EXHIBIT 5.0 and 23.1


                       THE LAW OFFICE OF STEPHEN E. ROUNDS
                           4635 EAST EIGHTEENTH AVENUE
                           DENVER, COLORADO USA 80220
                       TEL. 303.377.6997 FAX 303.377.0231
                               SERCOUNSEL@MSN.COM
                           ADMIN. OFFICE 307.856.2467
                                 SRA@WYOMING.COM

                                 August 12, 2002

Can-Cal Resources Ltd.
8221 Cretan Blue Lane
Las Vegas, Nevada 89128

Re:  Registration Statement on Form SB-2
     SEC File No. 333-72252

Gentlemen:

     Can-Cal Resources Ltd. ("Company") has filed a registration statement for
the offer and sale of up to 1,030,000 shares of Common Stock, including 30,000
shares common stock issued as payment for services, resale of up to 950,000
shares of common stock issuable upon conversion of principal payments to shares
under a convertible debenture, and 50,000 shares issuable upon exercise of
warrants. We have acted as counsel to the Company in connection with the
preparation and filing of the registration statement.

     Our opinion and consent is required in connection with such registration
statement. Such opinion and consent are to be filed as separate exhibits to the
initial filing of the registration statement.

                               DOCUMENTS REVIEWED

     I have examined originals, certified copies or other copies identified to
my satisfaction, of the following:

     1.  Articles of Incorporation of the Company.

     2.  Amendment to the Articles of Incorporation.

     2.  Bylaws of the Company.

     3.  All exhibits listed in Part II of the registration statement on
         Form SB-2.

     4.  Part I of the registration statement.

     5.  Other documents as appropriate under the circumstances.






Can-Cal Resources Ltd.
August 12, 2002
Page -2-




     I have also consulted with officers and representatives of the Company, and
received such representations and assurances concerning the exhibits described
in paragraph 3 and the registration statement described in paragraph 4, as
necessary under the circumstances.
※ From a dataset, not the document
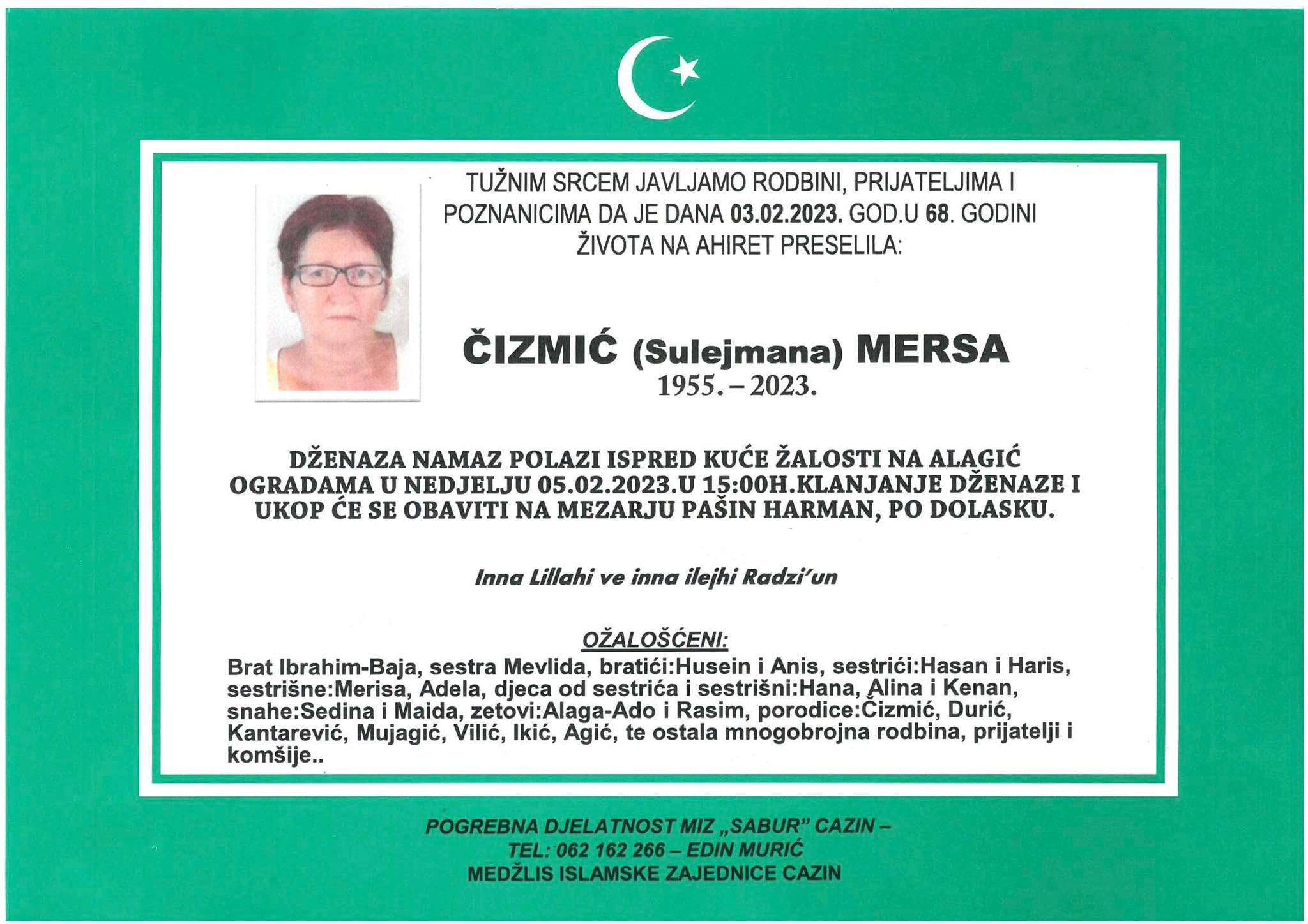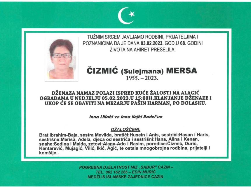 Tužnim srcem i bolom u duši javljamo rodbini, prijateljima, komšijama i poznanicima da je dana 03.02.2023. godine u 68-oj godini života na Ahiret preselila Čizmić (Sulejmana) Mersa.

Although we have not undertaken independent
verification of the matters covered by this paragraph, we have no reason to
believe that the representations and assurances received are materially
inaccurate or false.

                                     OPINION

     The following opinion is subject to compliance by the Company with
applicable state securities laws, to declaration of effectiveness of the
Company's registration statement, and to the last sentence of this paragraph.
Based on review of the documents listed above, it is our opinion that the shares
of common stock to be offered and sold by the Company will be duly and validly
issued, fully paid and non-assessable shares of the common stock of the Company.

     No opinion is expressed, and none shall be inferred to be expressed, with
respect to the financial statements contained in the registration statement.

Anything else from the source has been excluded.